Infrastructure: Biting more than we can chew?

Artistic impression of Kampala-Jinja Expressway at Kinawataka, Kampala. A cross-section of donors that committed to bankroll construction of the Kampala-Jinja expressway have raised deep concerns over “excessive delays” in lifting the project off the ground, including clearance of a Partial Risk Guarantee (PRG) facility. Photo | File

What you need to know:

The issue: Infrastructure projects

Our view: Evidently, more thought has got to be put into building infrastructure for the future...

President Museveni has over the years promoted himself as a leader who makes long-term decisions for the national benefit, but a scorecard on the country’s road projects suggests otherwise.  An April 2024 ministerial report has brought a terrible secret into plain view, describing in great detail how dithering has shorn the country of infrastructural triumphs. A five-year Rural Bridges Infrastructure Project brings a host of glaring failures sharply into focus. The project, conceived in the financial year (FY) 2019/2020, set out to erect 15 new bridges, 17.5 kilometres of swamp crossings, and 30 alternative bridge mechanisms.
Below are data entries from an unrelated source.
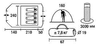 | Размеры внутренней палатки (ДхШхВ) | 210x240x160 см |
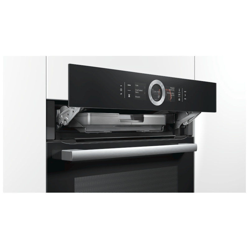 BOSCH ugradbena pećnica s funkcijom funkcijom pare: zdraviju pripremu hrane. Funkcija dodavanja pare: dodavanjem pare hrana postaje hrskava izvana, a sočna iznutra. Assist: automatska postavka za optimalnu vrstu topline, temperature i vremena za brojna jela. Upravljanje TFT zaslonom na dodir: jednostavan za korištenje zahvaljujući gumbu za upravljanje s punim tekstom i simbolima. Širina 60 cm visoka kombinirana parna pećnica: savršeno pečenje, pečenje vlažnom parom i nježno kuhanje na pari.
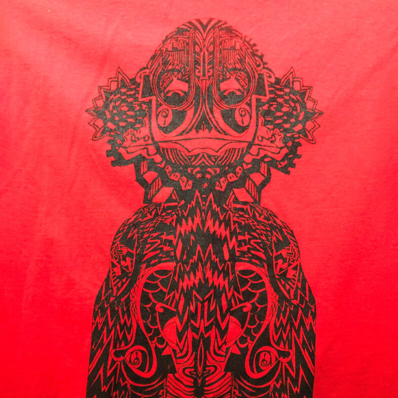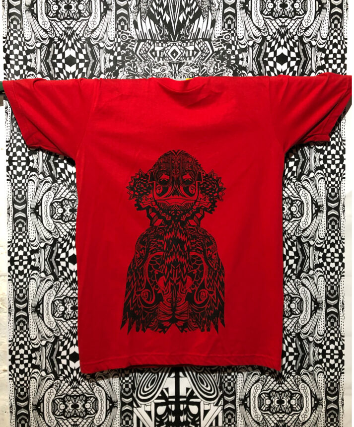 Constructed character from sketch book work by ZEROH printed with plastisol ink on a Pillarbox Red American Apparel T-Shirt. One off edition size M.
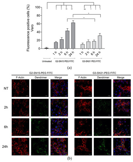 Internalization study of cationic dendrimers into Vero cells. (a) Percentage of FITC-positive cells observed by flow cytometry 1 h, 2 h, 6 h and 24 h post-treatment. Data are represented as mean ± SD of two individual experiments. (b) Representative confocal images of cells incubated with 1 µM G2-SN15-PEG FITC and 0.5 µM G3-SN31-PEG FITC dendrimers (green) for 2 h, 6 h or 24 h. Phalloidin was used to mark actin filaments (red) and DAPI for nucleus (blue). Scale bars indicate a length of 25 µm. (* p < 0.05; ** p < 0.01; ns: non-significant). DAPI: 4′,6-diamidino-2-phenylindole dihydrochloride.
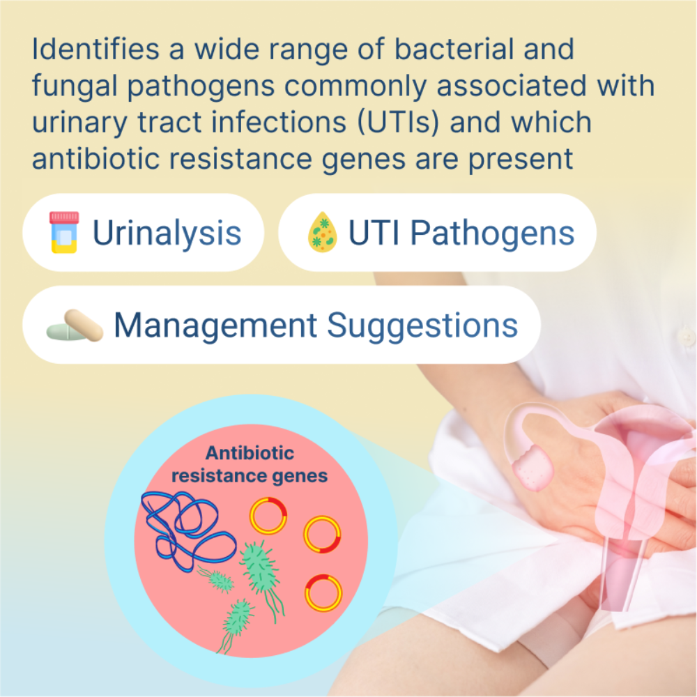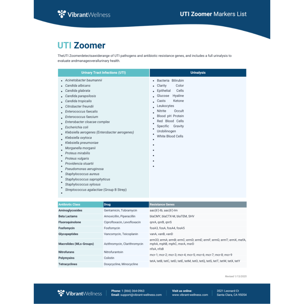 The UTI Zoomer is a comprehensive urine-based test that detects a wide range of urinary tract infection (UTI) pathogens, including bacteria, fungi, and antibiotic resistance genes. Utilizing advanced PCR and immunoassay technology, this test provides early detection and precise insights into UTI causes and resistance, helping guide targeted treatment and improve patient outcomes.
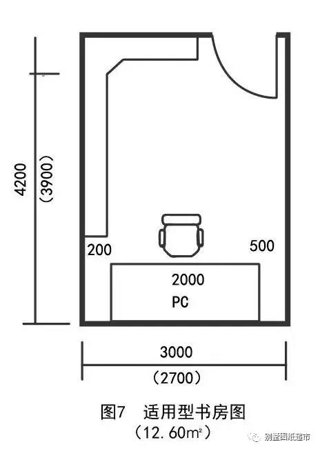 三室以上的戶型宜設置書房。因無需擺放大床( 2.2m x 2.0m)和床頭柜等家具, 所以其尺寸要求也不像臥室那樣嚴格, 具體參見圖 7
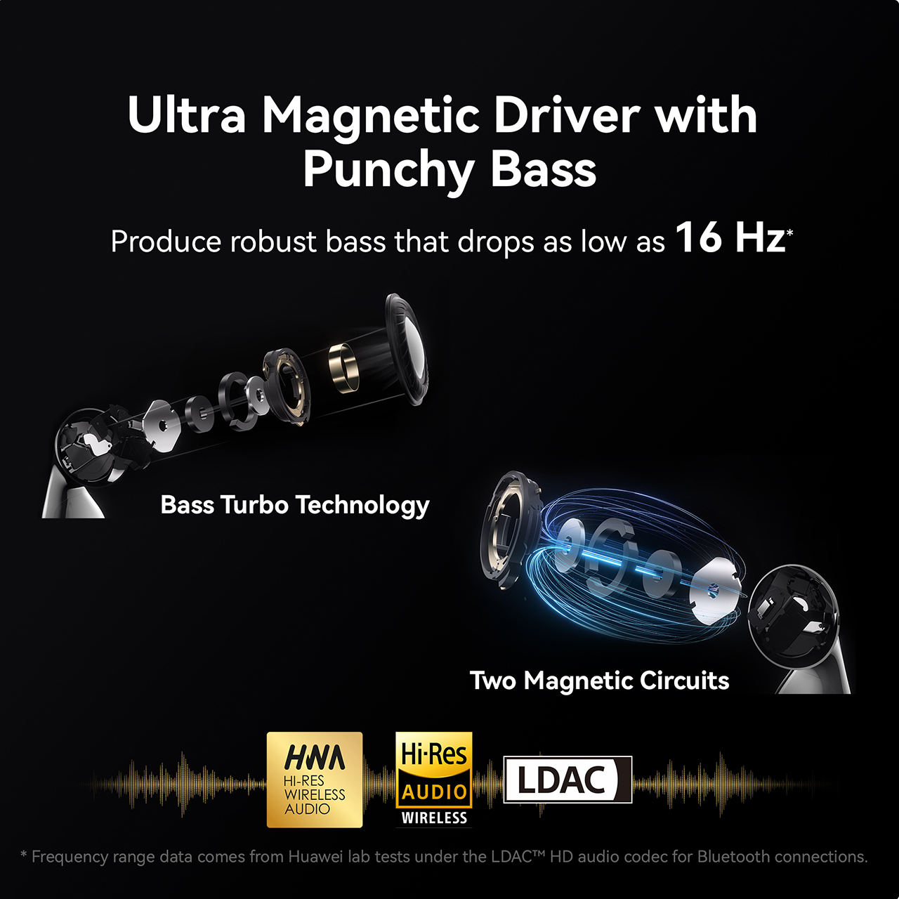 • Frequency range data comes from Huawei lab tests under the LDAC™ HD audio codec for Bluetooth connections.

Also penciled in for construction were arc bridges, footbridges, and metallic ladders.

The project has only seven bridges, a single swamp crossing straddling one kilometre, 18 cable bridges and footbridges, and two new metallic ladders to show for its success.  The project’s purse illustrates the limits within which the Works and Transport ministry must work. Only Shs99.6 billion of Shs300 billion meant to be disposable to the ministry was made available. Countless similar infrastructure projects are buckling under the strain of a torturously slow wait for funds.

A five-year Community Roads Improvement Project conceived during the FY 2020/2021 to rehabilitate up to 7,905 kilometres of community access roads has only received 30 percent of its Shs391.6 billion budget. The Rehabilitation of District Roads Project meant to run its course in 2026 is well and truly running off fumes. By February of 2024, only Shs190.4 billion out of the Shs991.4 billion estimated cost had been met. The Rehabilitation and Upgrading of Urban Roads Project has also not been spared the embarrassment of a dim showing.
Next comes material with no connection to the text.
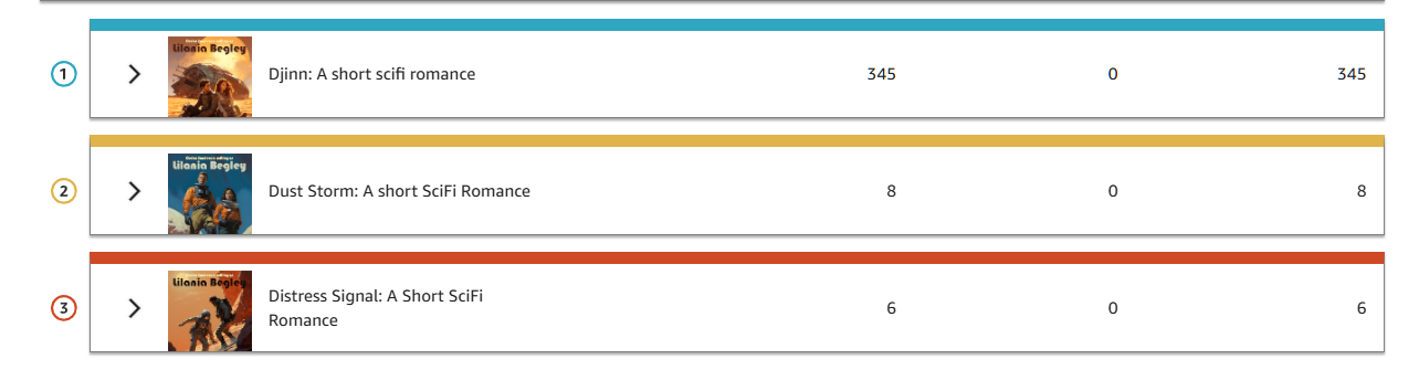 Above is the results of this little experiment, three days in. I’ve given away 345 copies of Djinn, and about two percent of those readers went ahead and bought the whole series. This is why I put Djinn in the sale, and set it to free. I was curious to see, with this little experimental series of short stories, what would happen. It cost me nothing, and perhaps it’s gained me a half-dozen new readers. We’re not talking a lot of money, here, those are each priced at $0.99 and I get about $0.34 from each sale. However, if those readers then go on to read through my backlist, I’ve got a lot of books for them to enjoy.
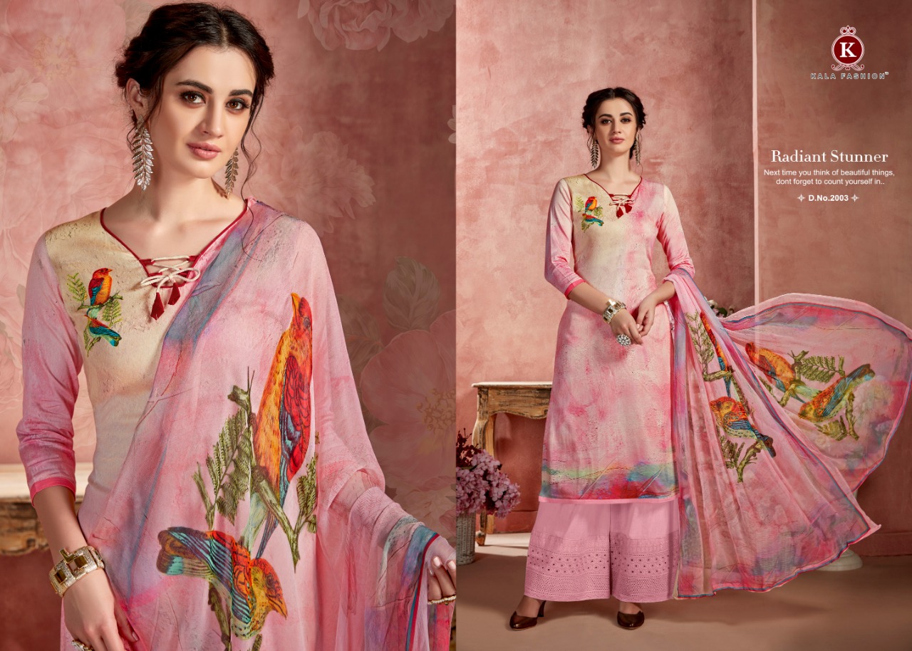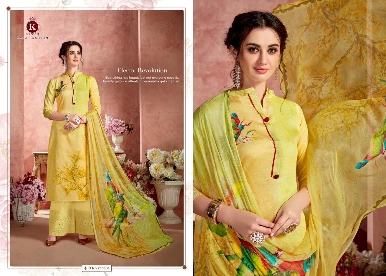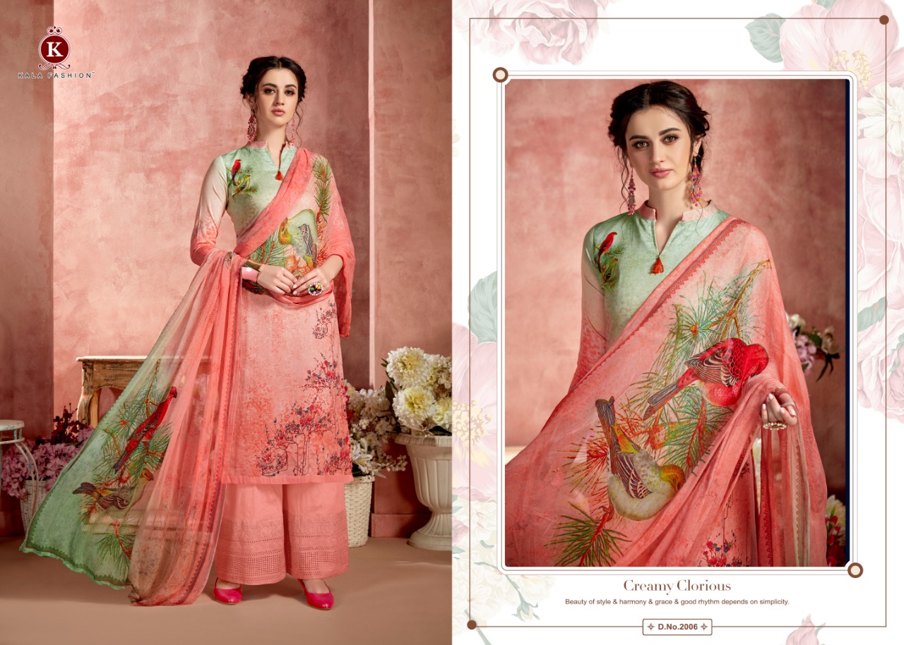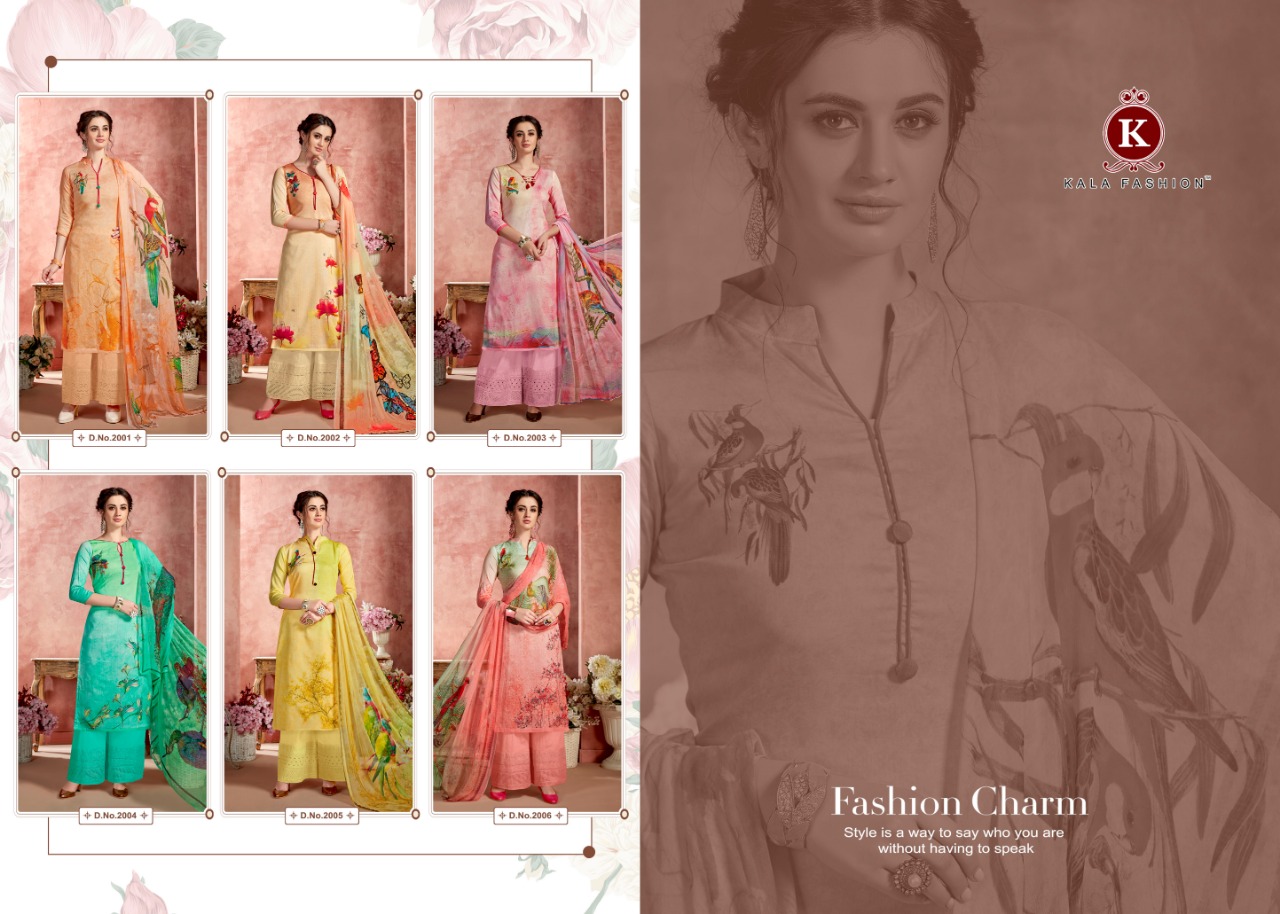 Kala Fashion Presents Latest Collection Launched on 06-09-2019. Presenting Beautiful collection of 6 PCS with Unstitched .

The ministerial report also shows that the dwindling domestic funding for road development projects has visited its crimes on the implementation of externally funded projects. An absence of domestic funds typically sees externally sourced projects drift inexorably towards a crossroads since land acquisition, among others, is made that much more difficult. It is clear that the verdict of history on the arrested development of the infrastructure projects will rightly be harsh. The cost of failures in transport capacity building has never been clearer. Extreme weather events are showing just how systemic failures, the likes of which are detailed in the April 2024 ministerial report, can fashion an ending that feels anticlimactic and rushed. Half-finished projects, which are in many respects a piece of short-term thinking, end up splitting at the seams just when we need them most.

Evidently, more thought has got to be put into building infrastructure for the future. Indicators, both empirical and anecdotal, are suggestive of the central government biting off more than it can chew. It would probably do responsible authorities a world of good if they fixate their gaze on one long project and spare no effort to see it through to a logical conclusion. Our shoestring budget dictates as much. Short of that, we will keep going around in circles with infrastructure projects—excuse the pun—running out of road.